--- START ---

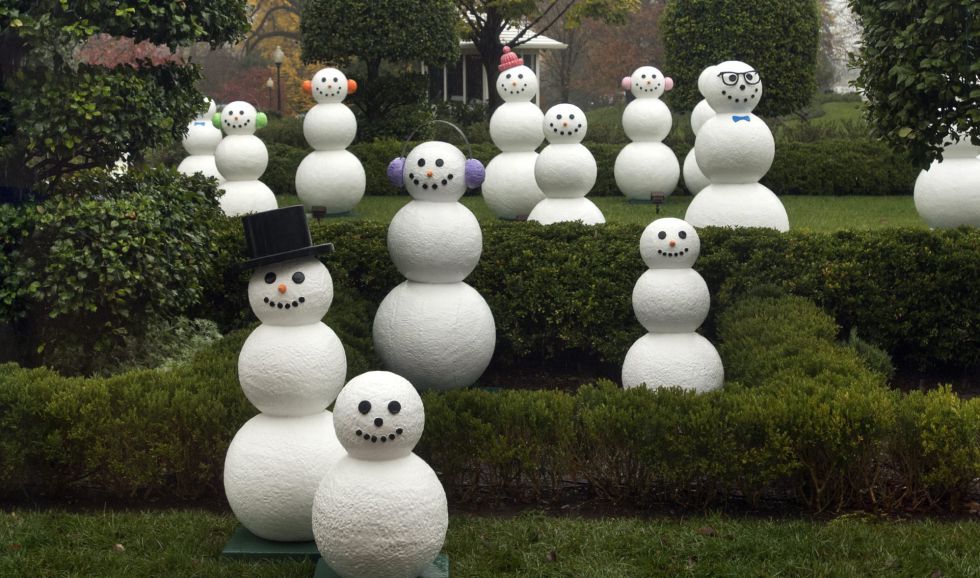 La réplica pesa casi 230 kilos, se ha confeccionado durante semanas y se sitúa a pocos metros de una máquina gigante de bolas de chicle rellena de todo tipo de dulces. Como cada año, los dos perros de aguas portugueses de la familia Obama, Bo y Sunny, tienen un protagonismo especial, en esta ocasión con dos réplicas hechas de lana blanca y negra, y situadas junto a árboles de Navidad hechos con pelotas de tenis.
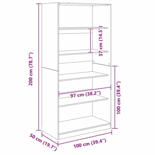 Dulap cu raft Stejar Negru 100 x 50 x 200 cm Lemn compozit
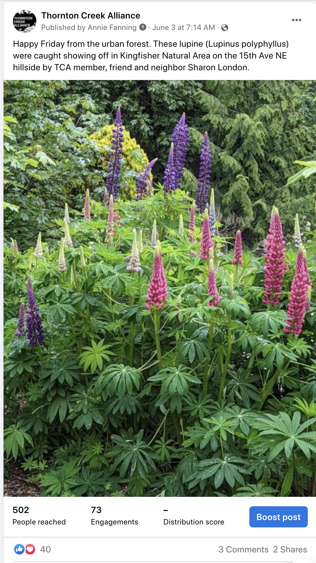 I have been on the board for the nonprofit Thornton Creek Alliance (TCA) for over a year, during which time I have contributed to its social media with original photography (that I have either taken or solicited) and short informative posts.
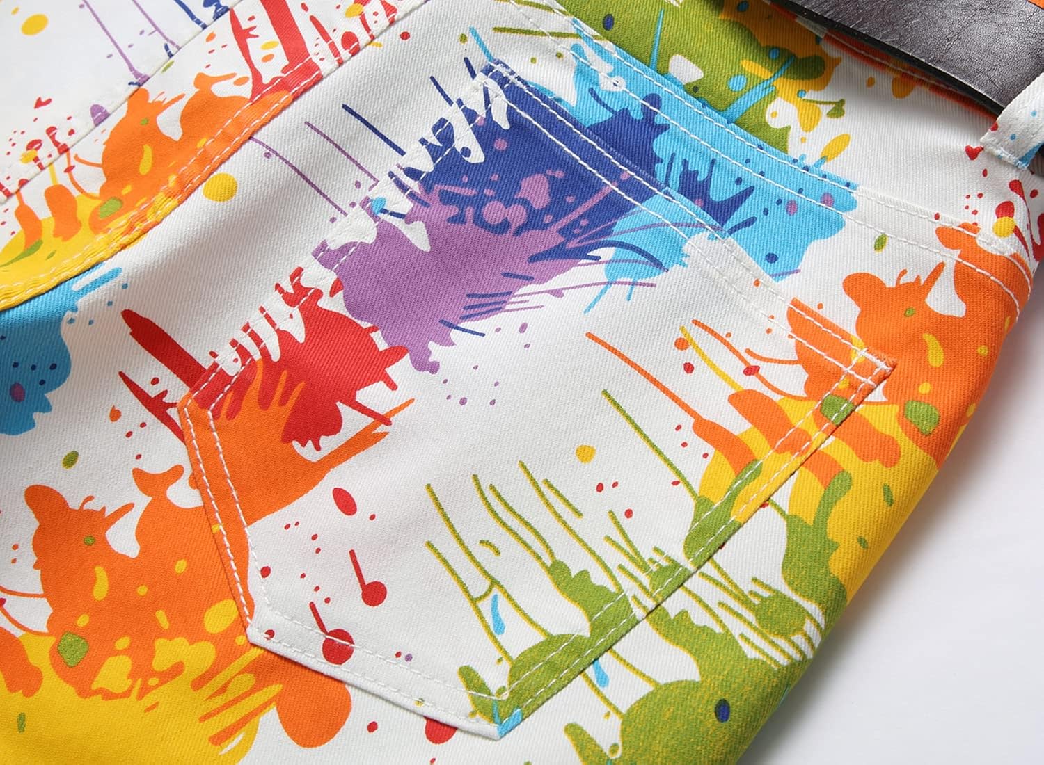 Baylvn Men's Casual Ripped Printed Denim Shorts Slim Fit Summer Beach Jeans Shorts
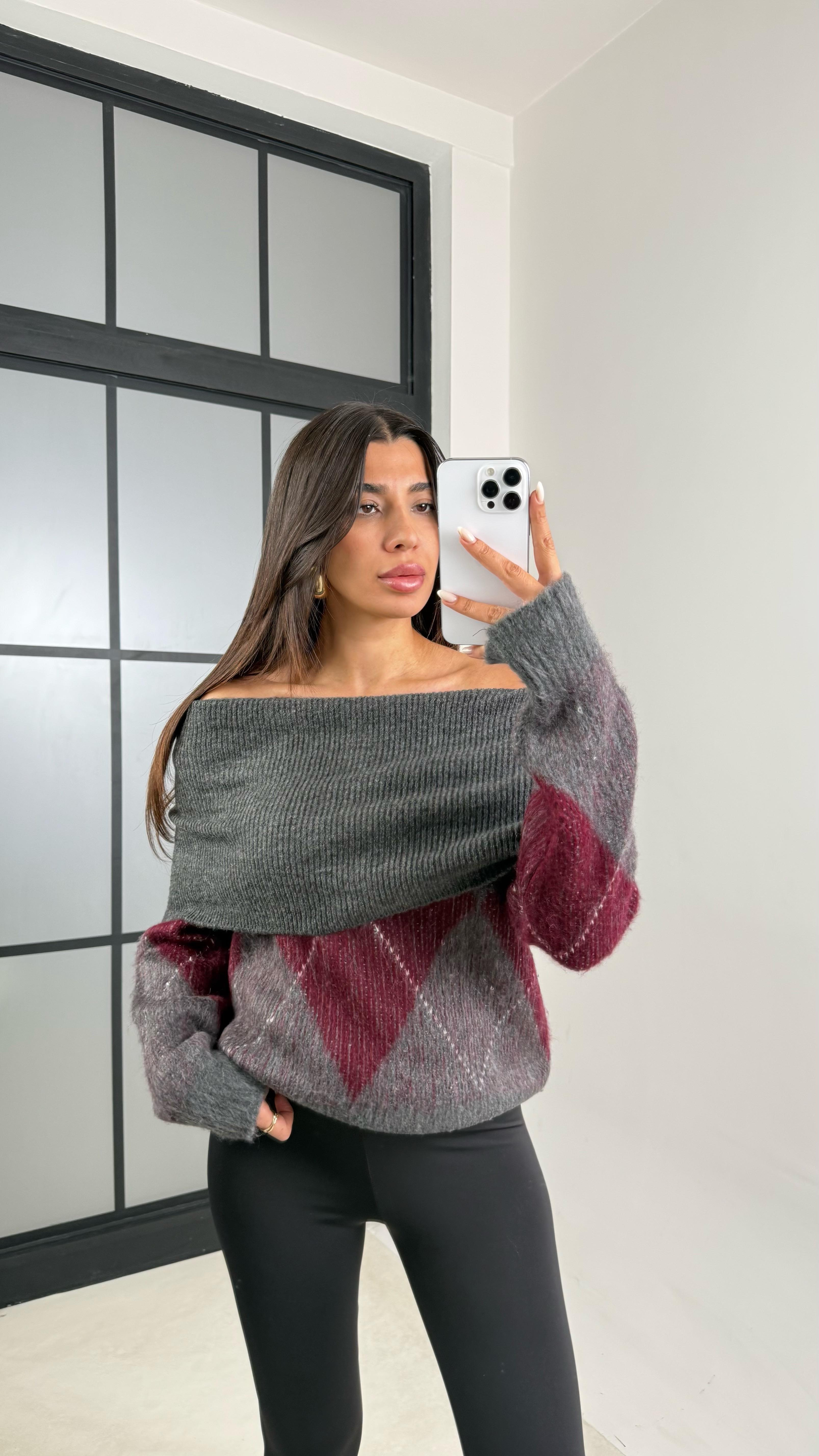 Bordo Madonna Yaka Baklava Desenli Kazak GAUS-00537
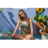 Išraiškingas ir elegantiškas vientisas maudymosi kostiumėlis, dekoruotas spalvingais ornamentiniais motyvais. Gilių mėlynų atspalvių pagrindas derinamas su ryškiomis detalėmis, kurios suteikia išskirtinumo ir prabangos pojūtį.
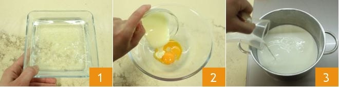 Preparação Para realizar o pudim de chocolate, coloque em uma tigela com água fria a gelatina em folhas por pelo menos 10 minutos 1. Enquanto isso, em uma tigela bata as gemas com o leite condensado 2, aqueça o leite em uma panela em fogo baixo 3
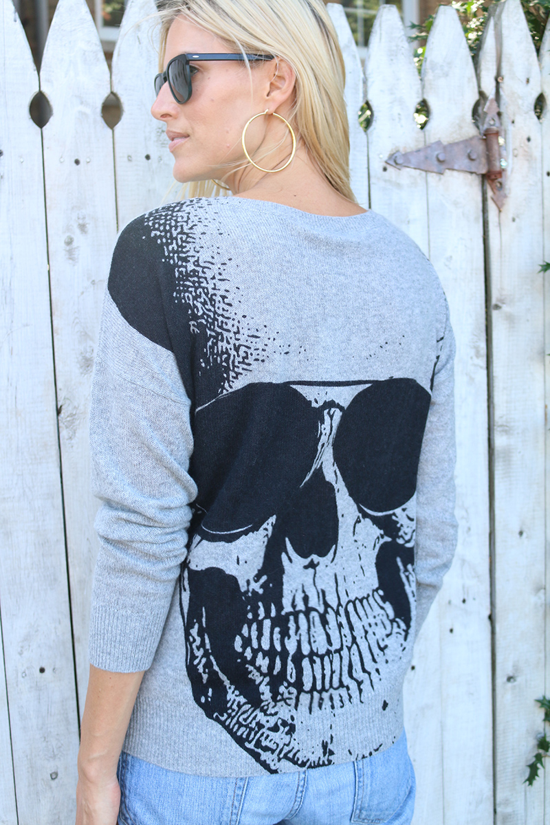 So I’m kind of obsessed with this sweater! Who would have thought that skulls would be so mainstream and cool?!? They really are the ultimate fashion statement! Whether you are ready or not, sweater weather is almost here. This is the perfect cashmere sweater; ideal for the not too cold but not too warm weather we are currently experiencing! It’s cozy, soft and super sleek. I also love the fact that the front of the sweater is solid but as soon as you turn around, people are in for a surprise! Express yourself this season with fun and daring designs!
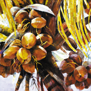 也正因此,要在这来路众多、性格各异、风格多样的艺术家身上寻找共同规律,难上加难。好在画展的主办者定下了《海南·故乡的太阳》这样的基调,赴展的艺术家也大多以描绘海南地域特色为主。无独有偶,有论者指出,海南新的美术运动的一个重要标志,就是刻画表现海南地域特色。其实这也并非偶然巧合,正像法国南部的景色吸引了塞尚、凡高,南太平洋岛国塔希提的风景吸引了高更,这三人联袂开创了后印象派绘画一样,海南岛的热带亚热带独特景色及其岛屿海洋文明,在新世纪的中国也格外具有吸引力,其对天性敏感、个性强烈的艺术家的吸引力更堪称致命,无论本岛还是旅琼艺术家,围绕海南地域特色大作文章、争奇斗艳,正是题中应有之义。
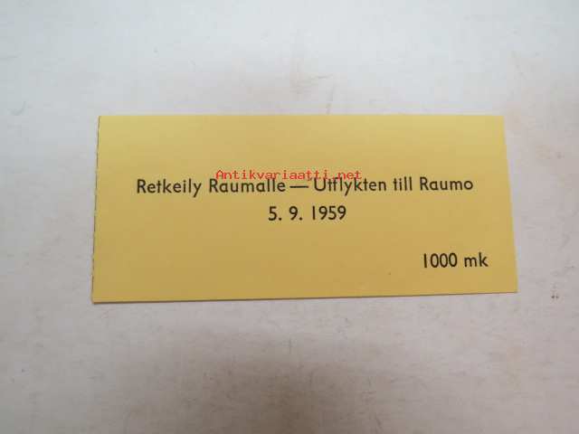 Retkeily Raumalle - Utflykten till Raumo 5.9.1959 - 100 mk -matkalippu
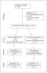 A total of 149 participants were randomly assigned in a near 1:1 ratio to one of two treatment groups: TXA or dextrose 5% in water. The allocation sequence was generated using block randomization with a block size of 4 via Random Allocation Software (version 2.0) [26]. This method ensured continuous balance (maintaining a 2:2 ratio after every four assignments) throughout the enrollment period, resulting in a final allocation of 75 participants in one group and 74 in the other.
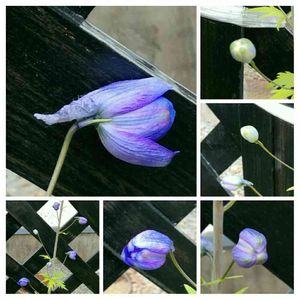 6月23日 MyGarden デルフィニウム 右上・右中昨日撮影の蕾 後は今日撮影1日でこんなにも開きかけています (。 >艸<)フフフ💕 (,,>᎑<,,)カワイイ*•.❥*

--- END ---

→ **WHAT TO DO**
Copy the whole of the material above exactly, and exclude every picture.

→ **RESPONSE**
 La réplica pesa casi 230 kilos, se ha confeccionado durante semanas y se sitúa a pocos metros de una máquina gigante de bolas de chicle rellena de todo tipo de dulces. Como cada año, los dos perros de aguas portugueses de la familia Obama, Bo y Sunny, tienen un protagonismo especial, en esta ocasión con dos réplicas hechas de lana blanca y negra, y situadas junto a árboles de Navidad hechos con pelotas de tenis.
 Dulap cu raft Stejar Negru 100 x 50 x 200 cm Lemn compozit
 I have been on the board for the nonprofit Thornton Creek Alliance (TCA) for over a year, during which time I have contributed to its social media with original photography (that I have either taken or solicited) and short informative posts.
 Baylvn Men's Casual Ripped Printed Denim Shorts Slim Fit Summer Beach Jeans Shorts
 Bordo Madonna Yaka Baklava Desenli Kazak GAUS-00537
 Išraiškingas ir elegantiškas vientisas maudymosi kostiumėlis, dekoruotas spalvingais ornamentiniais motyvais. Gilių mėlynų atspalvių pagrindas derinamas su ryškiomis detalėmis, kurios suteikia išskirtinumo ir prabangos pojūtį.
 Preparação Para realizar o pudim de chocolate, coloque em uma tigela com água fria a gelatina em folhas por pelo menos 10 minutos 1. Enquanto isso, em uma tigela bata as gemas com o leite condensado 2, aqueça o leite em uma panela em fogo baixo 3
 So I’m kind of obsessed with this sweater! Who would have thought that skulls would be so mainstream and cool?!? They really are the ultimate fashion statement! Whether you are ready or not, sweater weather is almost here. This is the perfect cashmere sweater; ideal for the not too cold but not too warm weather we are currently experiencing! It’s cozy, soft and super sleek. I also love the fact that the front of the sweater is solid but as soon as you turn around, people are in for a surprise! Express yourself this season with fun and daring designs!
 也正因此,要在这来路众多、性格各异、风格多样的艺术家身上寻找共同规律,难上加难。好在画展的主办者定下了《海南·故乡的太阳》这样的基调,赴展的艺术家也大多以描绘海南地域特色为主。无独有偶,有论者指出,海南新的美术运动的一个重要标志,就是刻画表现海南地域特色。其实这也并非偶然巧合,正像法国南部的景色吸引了塞尚、凡高,南太平洋岛国塔希提的风景吸引了高更,这三人联袂开创了后印象派绘画一样,海南岛的热带亚热带独特景色及其岛屿海洋文明,在新世纪的中国也格外具有吸引力,其对天性敏感、个性强烈的艺术家的吸引力更堪称致命,无论本岛还是旅琼艺术家,围绕海南地域特色大作文章、争奇斗艳,正是题中应有之义。
 Retkeily Raumalle - Utflykten till Raumo 5.9.1959 - 100 mk -matkalippu
 A total of 149 participants were randomly assigned in a near 1:1 ratio to one of two treatment groups: TXA or dextrose 5% in water. The allocation sequence was generated using block randomization with a block size of 4 via Random Allocation Software (version 2.0) [26]. This method ensured continuous balance (maintaining a 2:2 ratio after every four assignments) throughout the enrollment period, resulting in a final allocation of 75 participants in one group and 74 in the other.
 6月23日 MyGarden デルフィニウム 右上・右中昨日撮影の蕾 後は今日撮影1日でこんなにも開きかけています (。 >艸<)フフフ💕 (,,>᎑<,,)カワイイ*•.❥*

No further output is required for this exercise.